The Node Info section displays CPU and memory capacity, requests, and limits for Pods running on each Node. It also shows the percentage of utilization for each Node based on Pod requests.

| Panel Title                   | Description                                                                                                                                                        |
| ----------------------------- | ------------------------------------------------------------------------------------------------------------------------------------------------------------------ |
| **Node Requests vs Capacity** | A table detailing each Node's Cores Capacity, CPU Requests, CPU Limits, CPU Requests percent, Memory Capacity, Memory Request, Memory Limits, and Memory Requests. |

## Deployment, StatefulSet, and DaemonSet Info

This section provides basic scheduled and ready replica counts for each workload, including Deployments, StatefulSets, and DaemonSets. Use it to verify that your applications are scaled correctly.

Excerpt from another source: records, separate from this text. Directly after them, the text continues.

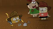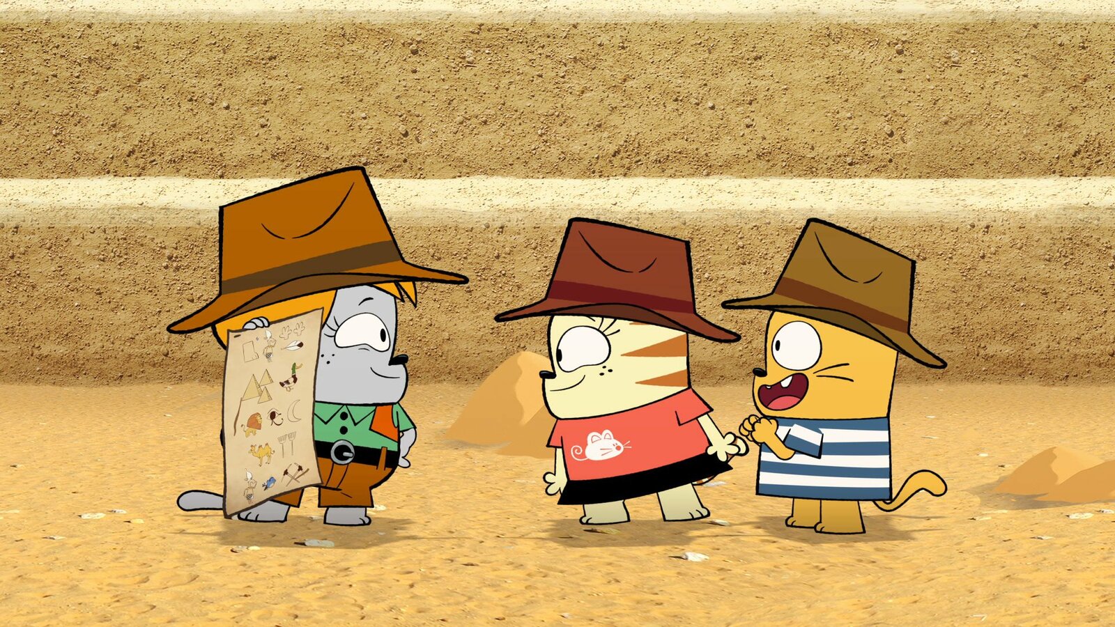 Expedition Ägypten"Die Ollie & Moon Show", "Expedition Ägypten." Ollie bekommt eine Postkarte von seiner Tante Schnurr, die in Ägypten Ausgrabungen durchführen lässt. Sie ist auf der Suche nach dem Juwelen-Schatz eines Pharaos. Prompt fliegt Moon mit Ollie zu ihr, um bei der Schatzsuche zu helfen. Schnurr hat inzwischen ein paar Zeichen entdeckt, die den Weg zu dem Schatz weisen könnten. Und Moon interpretiert sie richtig. Sie ist die geborene Schatzsucher-Katze!Bild: © ORF/Studio 100 Media
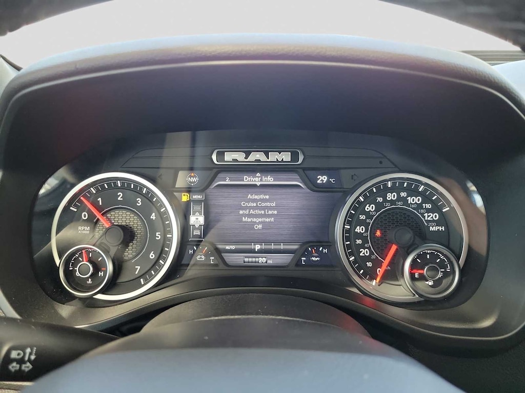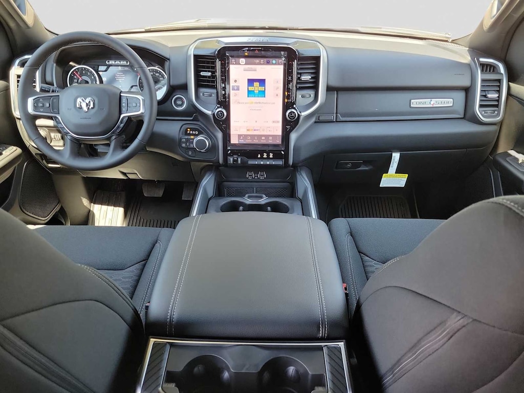 BIG HORN LEVEL 2 EQUIPMENT GROUP SiriusXM Radio Service, Power Adjustable Pedals, Leather Wrapped Steering Wheel, 12 Touchscreen Display, Glove Box Lamp, Auto Power-Folding Mirrors, 115V Auxiliary Rear Power Outlet, Media Hub w/2 Charge Only USBs, Heated Front Seats, Security Alarm, Black Premium Power Mirrors, Premium Overhead Console, 9 Amplified Speakers w/Subwoofer, Disassociated Touchscreen Display, Body Color Fender Flares, Remote Tailgate Release, 115V Auxiliary Power Outlet, LED Dome Lamp w/On/Off Switch, Universal Garage Door Opener, 2nd Row In Floor Storage Bins, Sun Visors w/Illuminated Vanity Mirrors, LED Footwell Lighting, Rear Window Defroster, Rear View Auto Dim Mirror, Rear Power Sliding Window, GPS Navigation, Overhead LED Lamps, Wheels: 20 x 9 Aluminum Chrome Clad, ENGINE: 5.7L V8 HEMI MDS VVT ETORQUE Active Noise Control System, Heavy Duty Engine Cooling, Passive Tuned Mass Damper, GVWR: 7,100 lbs, Dual Rear Exhaust w/Bright Tips, G/T Exhaust, 18 Aluminum Spare Wheel, NIGHT EDITION Tires: 275/55R20 OWL All Season, Bridgestone Brand Tires, Accent Color Premium Power Mirrors, Exterior Mirrors w/Supplemental Signals, Black Headlamp Bezels, Exterior Mirrors Courtesy Lamps, Grille Black Surround Black Mesh, Auto Power-Folding Mirrors, Wheels: 20 x 9.0 Aluminum Painted Clad, Auto Dim Exterior Driver Mirror, Black Exterior Truck Badging, Anti-Spin Differential Rear Axle, Accent Color Door Handles, Accent Color Tailgate Handle, Black Interior Accents, Dual Exhaust w/Black Tips, Body Color Front Bumper, Body Color Rear Bumper w/Step Pads, Black Tail Lamp Bezels, RAM Grille Badge - Black, Black Painted Exterior Mirrors Caps, MOPAR FRONT & REAR RUBBER FLOOR MATS, TRANSMISSION: 8-SPEED AUTOMATIC (8HP75). Ram Lone Star with Serrano Green Metallic exterior and Black interior features a 8 Cylinder Engine with 395 HP at 5600 RPM*.
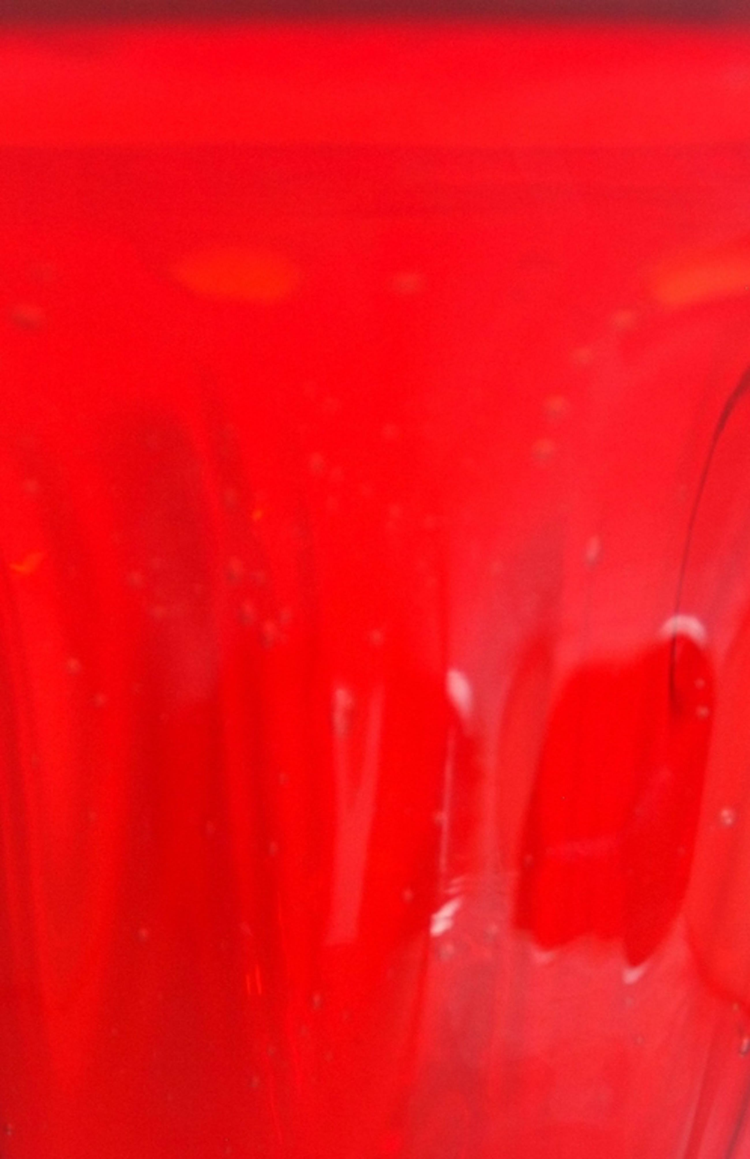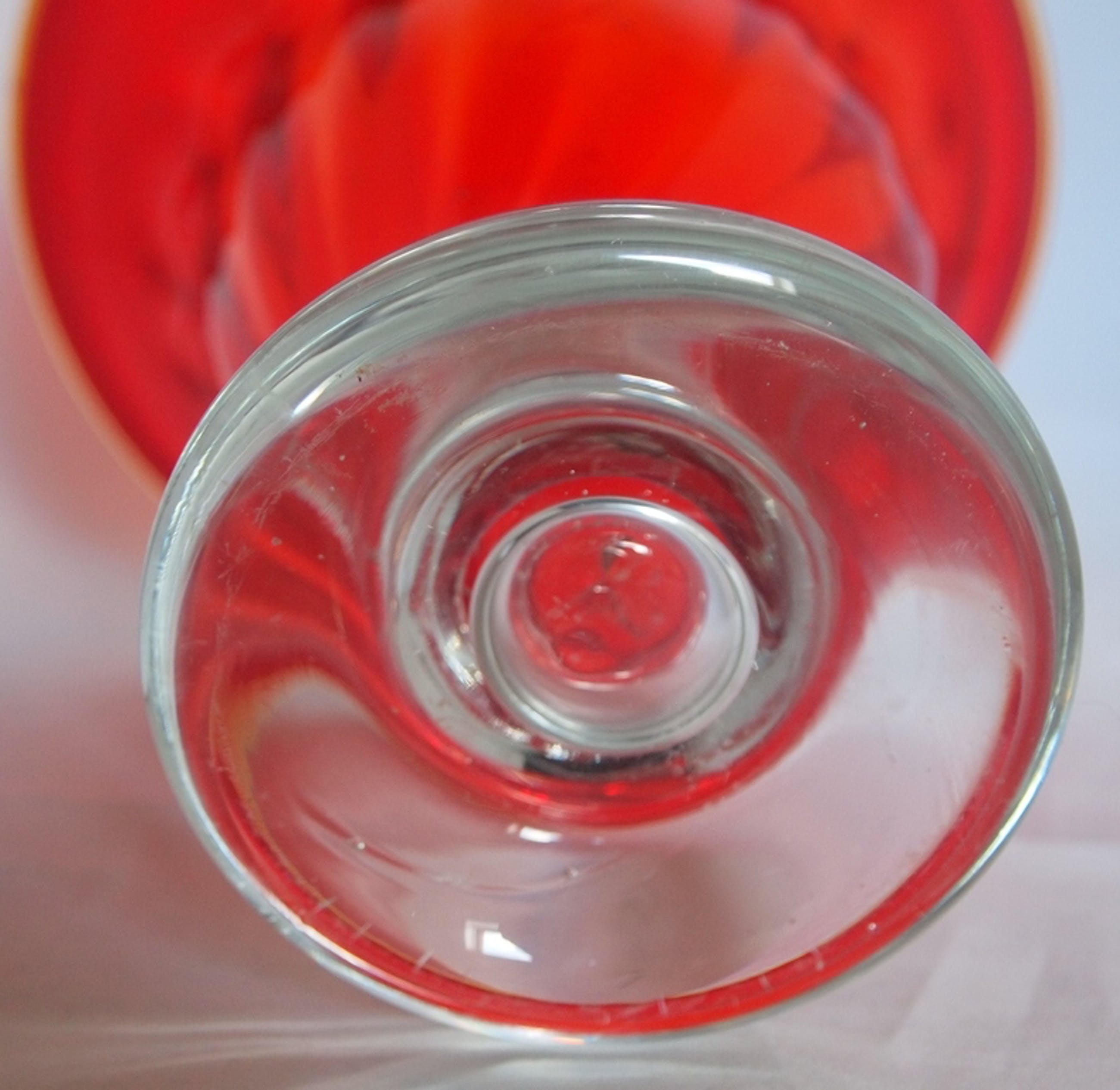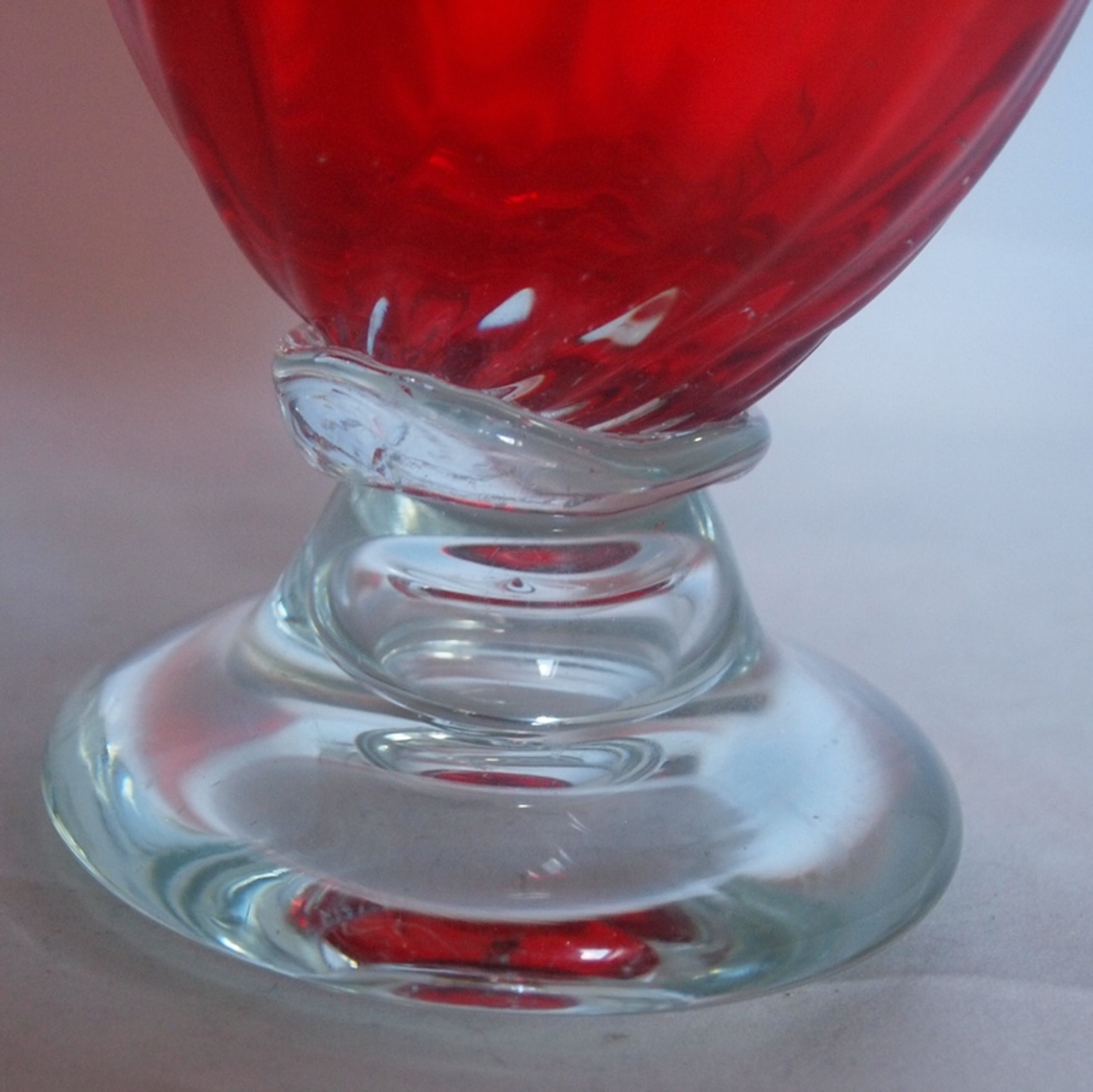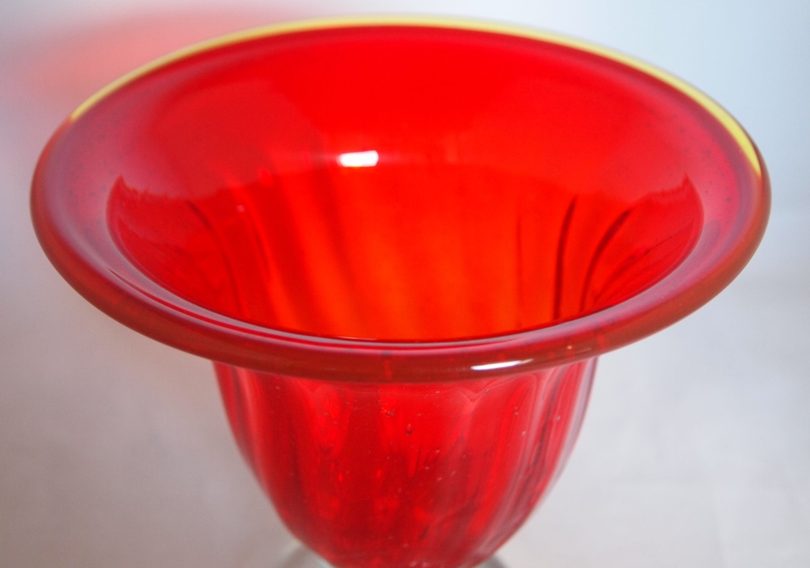 Mooie hand geblazen Murano dikwandige rode bullicante vaas op blank glazen voet. De bovenrand van de vaas heeft een gele gloed over zich heen. In prima onbeschadigde conditie. Niet gemerkt.

| Panel Title      | Description                                                          |
| ---------------- | -------------------------------------------------------------------- |
| **Deployments**  | Lists deployments with their current and desired replica counts.     |
| **StatefulSets** | Lists StatefulSets with their current and desired replica counts.    |
| **DaemonSets**   | Lists DaemonSets with the number of scheduled and ready daemon Pods. |

## Image Info

The Image Info section shows all container images currently in use throughout the cluster. Use it to track image versions and verify compliance.

| Panel Title       | Description                                                                                   |
| ----------------- | --------------------------------------------------------------------------------------------- |
| **Images In Use** | A table listing image names, the number of containers using the image, and the container tag. |